**INSTRUCTIONS FOR THE TASK:** From the first line to the last, copy the data exactly and drop the pictures.

**DATASET SECTION:**
____

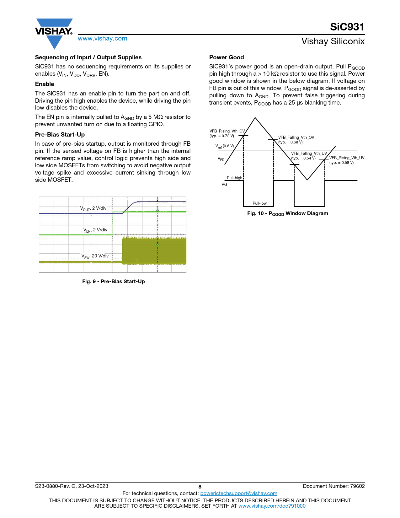SiC931. Sequencing of Input / Output Supplies. Power Good. Enable. Pre-Bias Start-Up. Fig. 10 - PGOOD Window Diagram
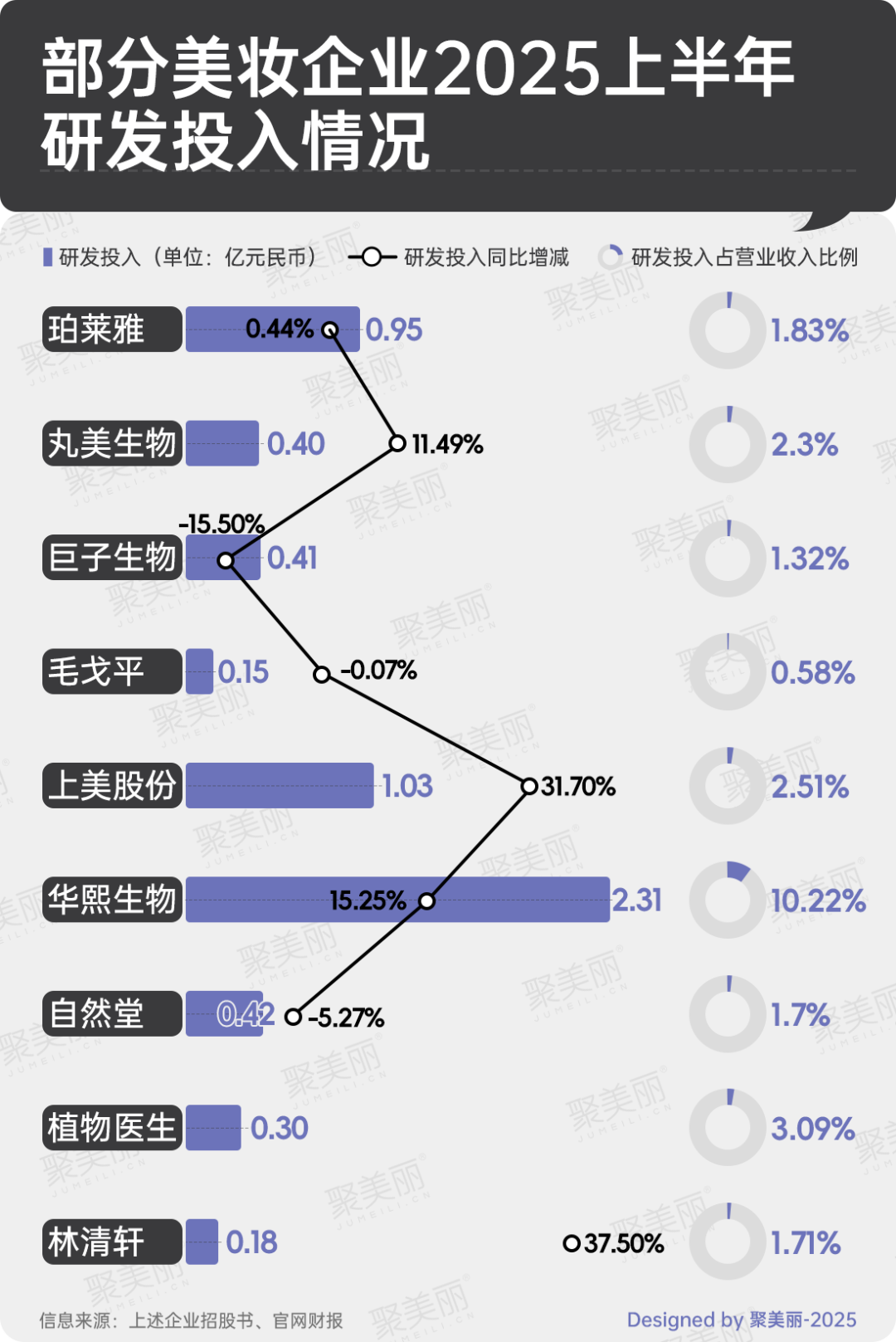 如下图所示,华熙生物以原料起家,研发投入一直处于行业前列,2025上半年达到2.31亿元,而以重组胶原蛋白技术闻名的巨子生物,研发投入则大幅减少15.5%至0.41亿元。林清轩虽然目前的研发投入相对较低,但今年上半年增长达37%以上,可见其正在补研发这一短板。
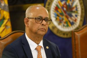 (251020) — QUITO, 20 octubre, 2025 (Xinhua) — El secretario general de la Organización de Estados Americanos (OEA), Albert Ramdin, asiste a la firma del Memorando de Entendimiento para la Cooperación Técnica en materia de seguridad multidimensional en Ecuador, en la ciudad de Quito, capital de Ecuador, el 20 de octubre de 2025. Ramdin firmó el lunes un acuerdo de cooperación técnica en seguridad con Ecuador durante su primera visita oficial al país sudamericano, en la que se reunió con el presidente, Daniel Noboa, y autoridades del Gobierno, informó el Ministerio de Relaciones Exteriores y Movilidad Humana. (Xinhua/Ricardo Landeta) (rl) (rtg) (ah) (ce)
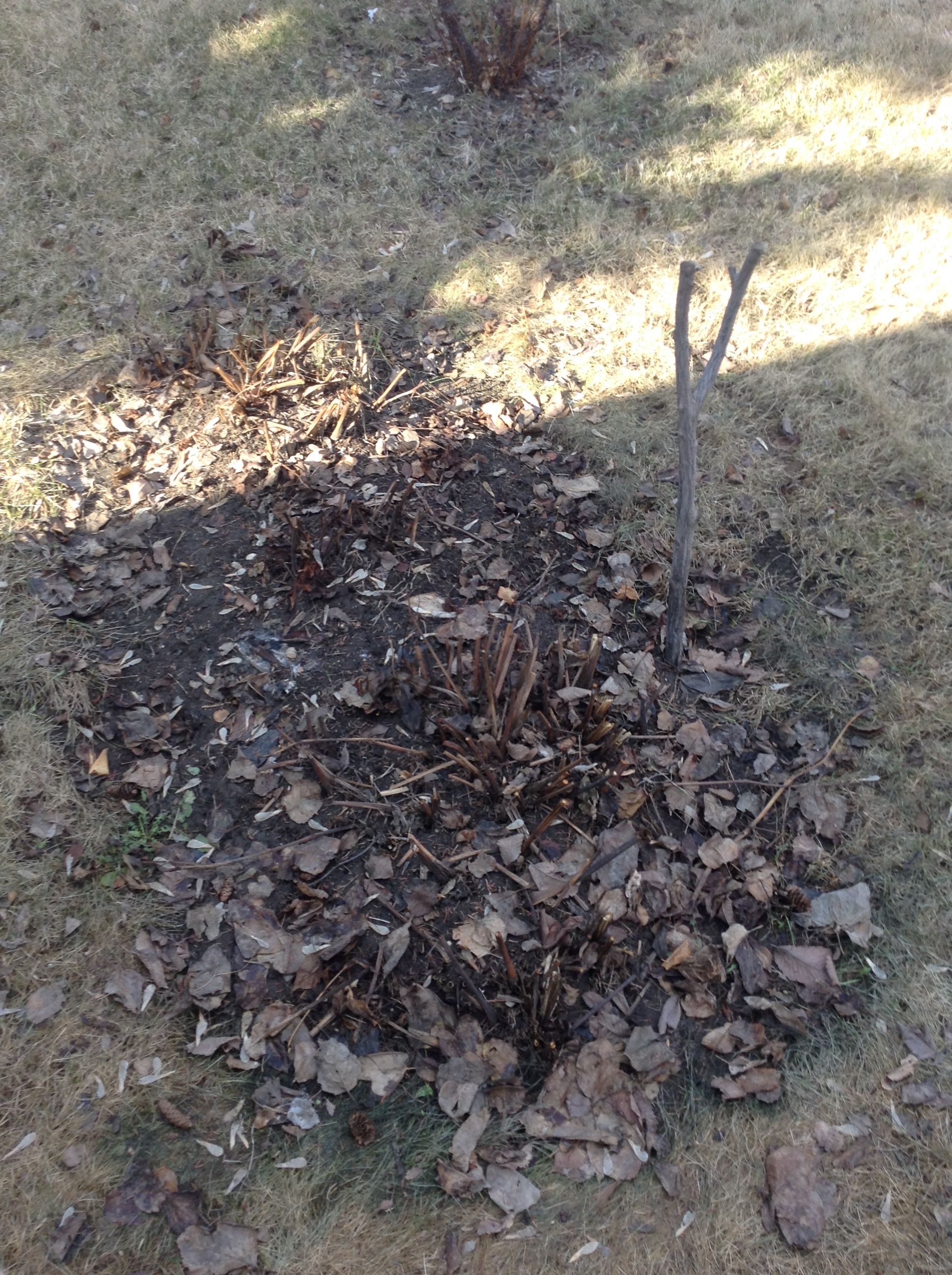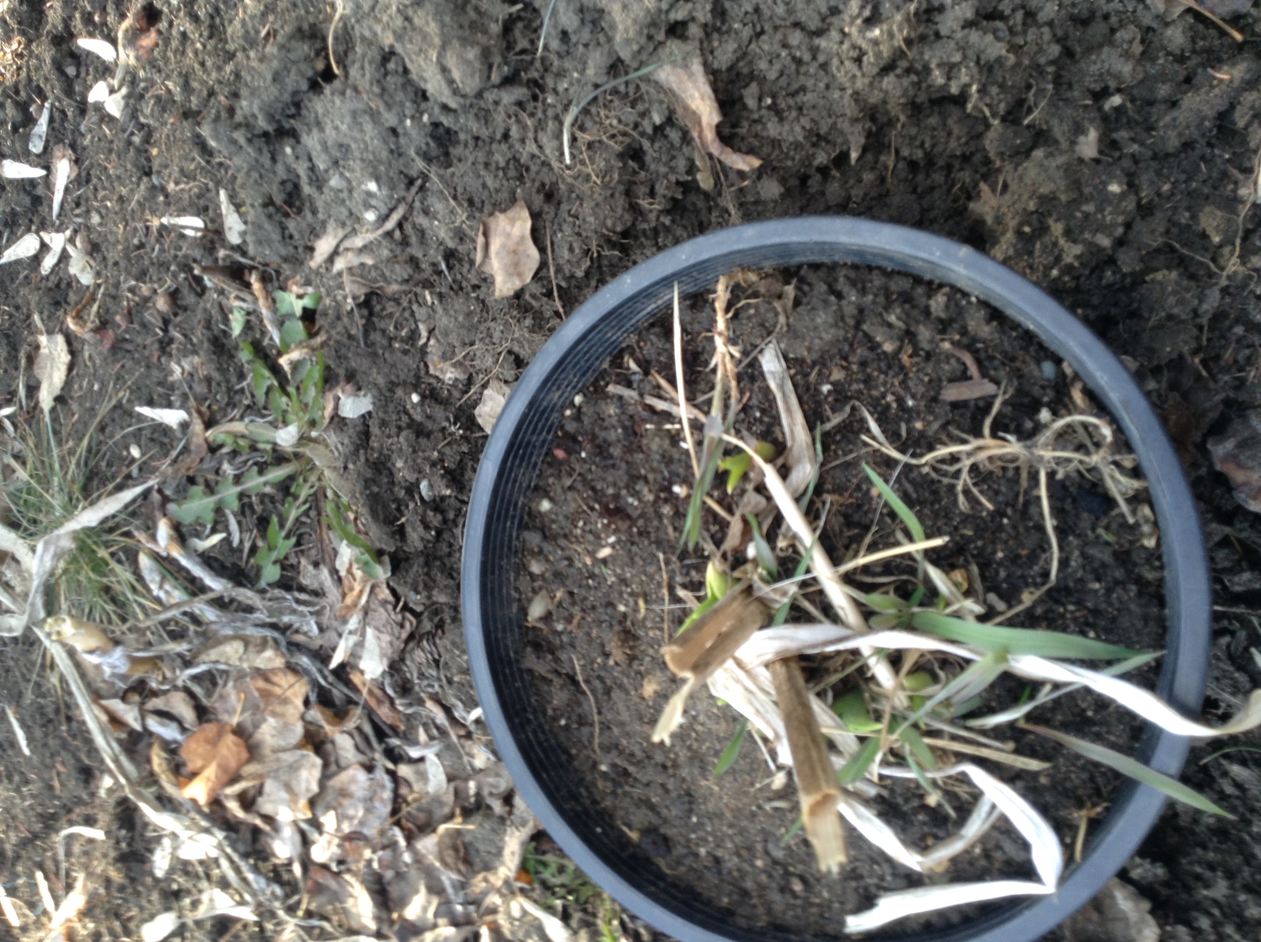 Yup I know, it looks like a pile of leaves. I trimmed back quite a bit of wet and deteriorating leaves and pulled away the bits of rope and wood that were holding the flowers up. You can see one stick still in the ground, that I left in the ground, because you can never know when your’e going to need a long, forked, rough stick. I snipped the leaves down into smaller pieces and spread them on the ground: the bottom layer of the compost pile. Next, I went around to the other bed, and started pulling out dead marigolds, banging off the dirt and breaking them up slightly so I can layer wet, then dry, then wet. That’s when I came across the surprises. The perennials that already exist, and are starting to poke themselves out of the ground. A mound of iris that is about three feet by there feet, so old that the centre of the mound has gone punky.

____

**ANSWER TO THIS PROBLEM:**
SiC931. Sequencing of Input / Output Supplies. Power Good. Enable. Pre-Bias Start-Up. Fig. 10 - PGOOD Window Diagram
 如下图所示,华熙生物以原料起家,研发投入一直处于行业前列,2025上半年达到2.31亿元,而以重组胶原蛋白技术闻名的巨子生物,研发投入则大幅减少15.5%至0.41亿元。林清轩虽然目前的研发投入相对较低,但今年上半年增长达37%以上,可见其正在补研发这一短板。
 (251020) — QUITO, 20 octubre, 2025 (Xinhua) — El secretario general de la Organización de Estados Americanos (OEA), Albert Ramdin, asiste a la firma del Memorando de Entendimiento para la Cooperación Técnica en materia de seguridad multidimensional en Ecuador, en la ciudad de Quito, capital de Ecuador, el 20 de octubre de 2025. Ramdin firmó el lunes un acuerdo de cooperación técnica en seguridad con Ecuador durante su primera visita oficial al país sudamericano, en la que se reunió con el presidente, Daniel Noboa, y autoridades del Gobierno, informó el Ministerio de Relaciones Exteriores y Movilidad Humana. (Xinhua/Ricardo Landeta) (rl) (rtg) (ah) (ce)
 Yup I know, it looks like a pile of leaves. I trimmed back quite a bit of wet and deteriorating leaves and pulled away the bits of rope and wood that were holding the flowers up. You can see one stick still in the ground, that I left in the ground, because you can never know when your’e going to need a long, forked, rough stick. I snipped the leaves down into smaller pieces and spread them on the ground: the bottom layer of the compost pile. Next, I went around to the other bed, and started pulling out dead marigolds, banging off the dirt and breaking them up slightly so I can layer wet, then dry, then wet. That’s when I came across the surprises. The perennials that already exist, and are starting to poke themselves out of the ground. A mound of iris that is about three feet by there feet, so old that the centre of the mound has gone punky.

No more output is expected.